Tackling unsecured debt can prevent repossession
Released on: March 16, 2009, 6:54 am
Author: Debt Advisers Direct
Industry: Financial
Responding to the 2008 repossession and arrears statistics
released by the Council of Mortgage Lenders (CML), debt specialists Debt Advisers Direct have stressed the relationship between unsecured debt and mortgage arrears.
"As the CML reports, there were 40,000 repossessions in 2008," said a spokesperson
for Debt Advisers Direct, "and a further 219,000 mortgages ended the year more than
three months in arrears.
"For many of those people, however, the problem lay not in the cost of their actual
mortgage payments, but in the cost of servicing their unsecured debts. Charging
significantly higher interest rates than mortgages, unsecured debts can easily
'snowball' to the point where borrowers simply can't keep up with them - where
their monthly payments barely suffice to pay off the accumulating interest.
"Unsecured debts can also be alarmingly easy to take on. Credit cards and store
cards in particular allow significant levels of debt to accumulate gradually: people
who would hesitate to take out a £2,000 loan can find they've acquired £2,000 of
debt on a number of cards without even noticing it."

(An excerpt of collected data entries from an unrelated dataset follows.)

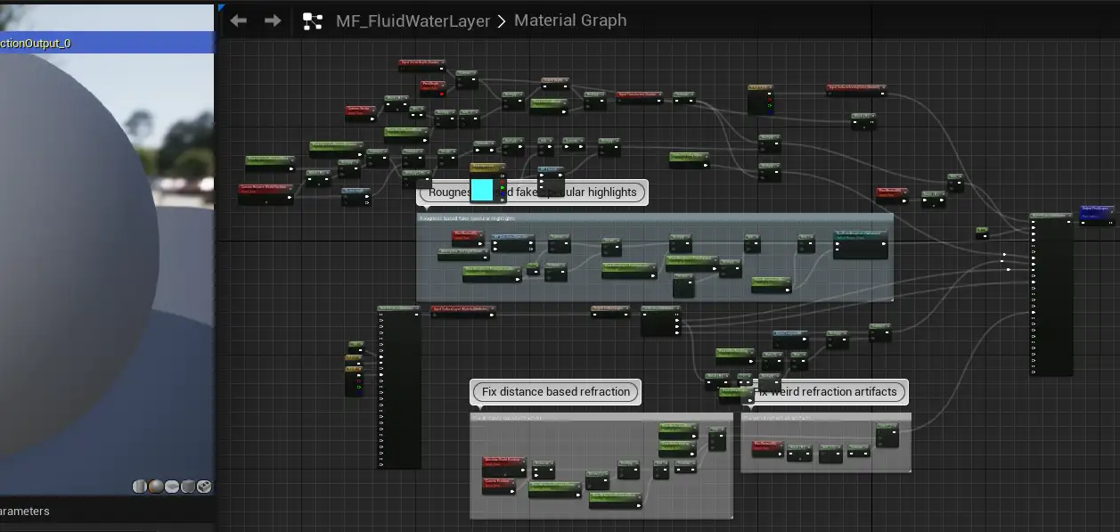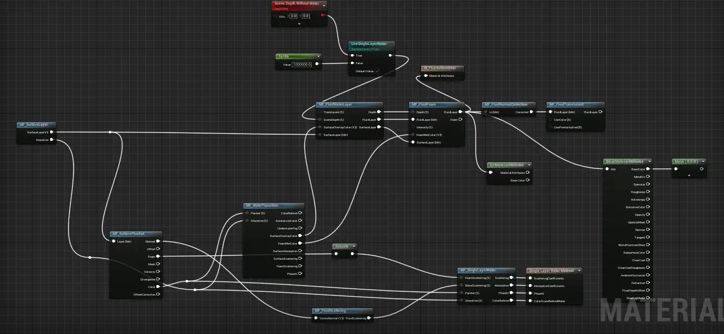 - 표면 레이어는 머티리얼이 SLW 특성을 갖도록 MF_FluidScattering, MF_FluidWaterLayer, MF_WaterTransition을 결합하여 유체 레이어를 얻습니다;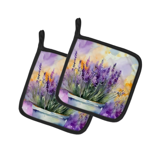 Pair of Pot Holders featuring breed specific Lavender artwork. A Pair of Pot Holders to match your kitchen decor. Made in the USA these are thick and functional. Full color artwork decorates the front polyester fabric of the hot pad and accented by a black trim. Use these at as a trivet for your Thanksgiving or Christmas tablescape. Filled with insulated fabric and quilted for durability. These colorful pot holders will make a great gift for your favorite home cook or executive chef. Each pot holder measures approximately 7 1/2 inches by 7 1/2 inches. A hanging tab is included.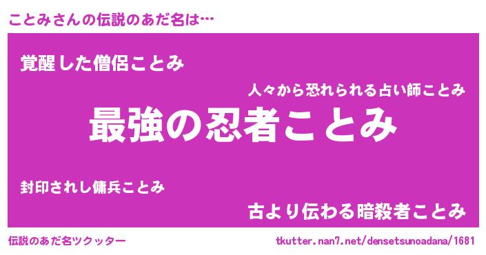 | ヒーロー風カッコイイあだ名 | 『ウルトラことみマン』『炎刃騎士コト』 |

This combination of high interest rates and ease of access has left many homeowners
with unsecured monthly debt repayments that take up some or all of the funds they
need to service their mortgage debt. Unless they take steps to address this, it can
end up leading to repossession.
"There are ways of reducing the burden of their unsecured debts," the spokesperson
continued. "Many people successfully negotiate with their unsecured lenders -
either on their own or through a professional debt management organisation - asking
them to accept lower payments, freeze interest and/or waive charges, to ensure that
servicing their unsecured debts doesn't take up funds they need to stay on top of
their mortgage payments.
Others find that their unsecured debts have passed the point where negotiation is a realistic option: "In 2008, some 106,000 people in England and Wales turned to insolvency (bankruptcy or an IVA (Individual Voluntary Arrangement)) as the only realistic path out of debt - and experts such as KPMG believe this figure could easily grow by 50% this year.
"For the majority of homeowners, an IVA offers distinct benefits over bankruptcy.

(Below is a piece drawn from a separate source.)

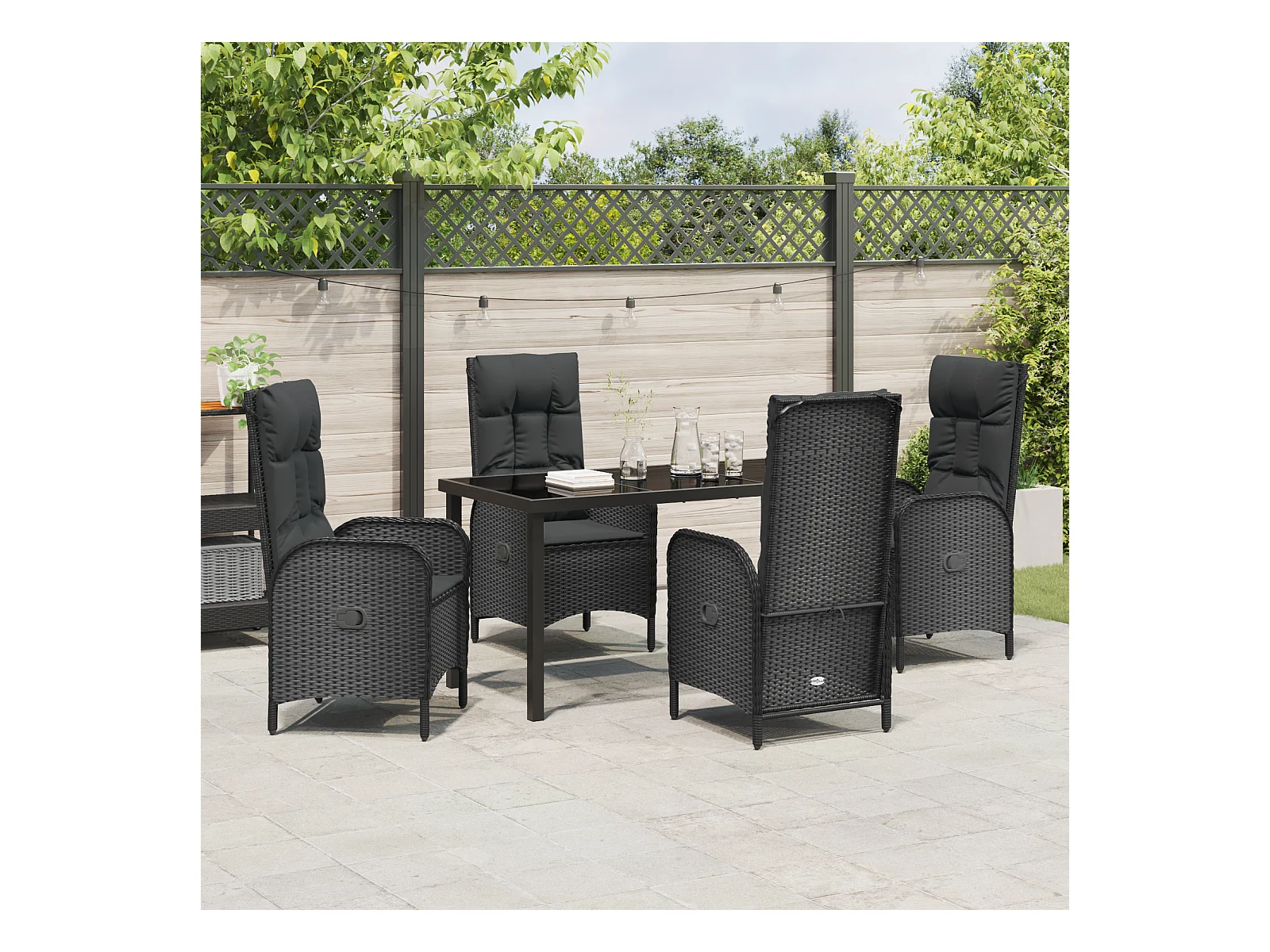 Juego de 5 sillas de jardín de ratán sintético negro

Like bankruptcy, an IVA lets them write off the debt they can't afford to repay,
and will have a severe impact on their credit rating. Unlike bankruptcy, however, it
will allow them to retain ownership of their property."

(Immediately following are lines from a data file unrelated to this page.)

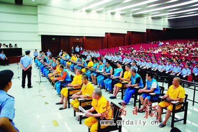 昨日,參與開庭審理這起黑社會性質(zhì)組織犯罪案件的旁聽人員有被告人員家屬等社會各界人士共500人左右,其中包括禪城區(qū)人大代表和政協(xié)委員40多人。除此之外,還有參與押送、維持法庭審理秩序的法警和公安民警多達(dá)200人左右,以及36名被告人的辯護(hù)律師22人、禪城區(qū)檢察院公訴人員5名。該案開庭審理規(guī)模之大,備受社會各界高度關(guān)注,是禪城區(qū)法院成立以來所罕見的。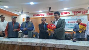 अधिकारियों, ग्राम प्रधानों, पंचायत सचिवों और पत्रकारों ने उनके कार्यकाल को याद करते हुए फूलमालाओं से सम्मानित किया और स्मृति चिन्ह भेंट कर उज्ज्वल भविष्य की कामना की। प्रभारी खंड विकास अधिकारी हेमंत कुमार यादव ने कहा कि अजय देवल ने अपने दायित्वों का निर्वहन पूरी निष्ठा और जिम्मेदारी के साथ किया। उन्होंने विकास कार्यों में पारदर्शिता और गति दोनों सुनिश्चित कीं, जिससे ब्लाक को नई दिशा मिली।अपने संबोधन में अजय देवल भावुक नजर आए। उन्होंने कहा कि पूरनपुर में बिताया गया समय उनके जीवन का अविस्मरणीय हिस्सा रहेगा। यहां के स्टाफ और अधिकारियों का सहयोग हमेशा याद रहेगा। उन्होंने सभी के स्नेह और सम्मान के लिए आभार व्यक्त किया। समारोह में एपीओ आदर्श कुमार, ग्राम पंचायत सचिव रामकिशोर, अवनीश कुमार, अतुल कुमार, राहुल भारती, सौरभ गंगवार, नागेंद्र कुमार, मंजुल मिश्रा, ओम प्रकाश, सुरेश वर्मा, सुबोध कुमार, राकेश शर्मा, अखिलेश गुप्ता, बृजेश कुमार, राहुल कनौजिया, विशाल कुमार, राजेश कुमार, पंकज आर्या, राजकुमार सहित पूरनपुर, मरौरी और अन्य ब्लाकों के सचिव व प्रधान मौजूद रहे।विदाई के क्षणों में जहां एक ओर तालियां गूंज रही थीं, वहीं दूसरी ओर आंखें भी नम दिखीं। सभी ने उनके स्वस्थ, सुखद और सफल भविष्य की कामना करते हुए उन्हें नई पारी के लिए शुभकामनाएं दीं।
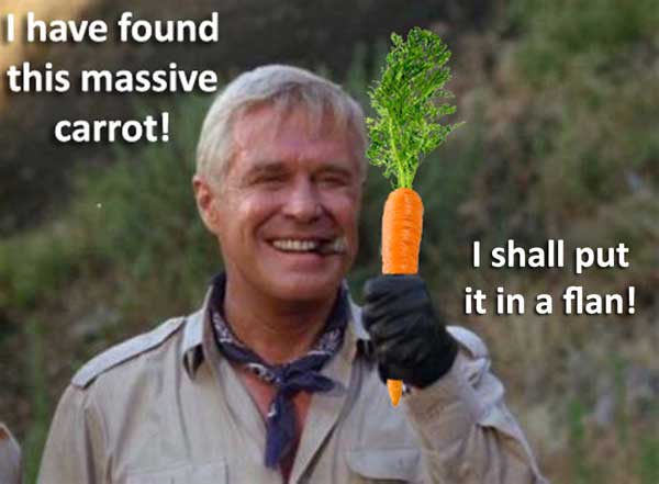 A large military jeep, pulling a huge artillery piece behind it in a trailer, cruises down a road on its way to eliminate what little resistance exists in the village. The trailer hits an improvised explosive made from jelly tots and celery and flips up in the air, landing with a crash on top of the jeep. The jeep spins wildly out of control and eventually screeches to a halt.

This is what makes it a particularly interesting option for homeowners who worry
that their unsecured debts could end up costing them their home: "An IVA requires
substantial commitment, as they will need to make regular payments towards their
unsecured debt for five years, but those payments are designed to be affordable.
They will be calculated to take up the individual's entire disposable income - the
money they will have left after taking into account their essential monthly
expenditure, such as food, petrol, utility bills and (most importantly) mortgage
payments.
"So a homeowner in an IVA will be required to contribute all their disposable
income to their IVA for a full five years, as well as releasing some equity halfway
through the final year of the IVA to maximise the amount they can pay their
unsecured creditors.
"However, they'll know they're protected from any legal action by their unsecured
creditors - including attempts to make them bankrupt - and they'll know their
outstanding unsecured debts will be written off at the end of that period. Most
important of all, they'll know the budget they're following is specifically
designed to ensure their monthly mortgage payments will be met."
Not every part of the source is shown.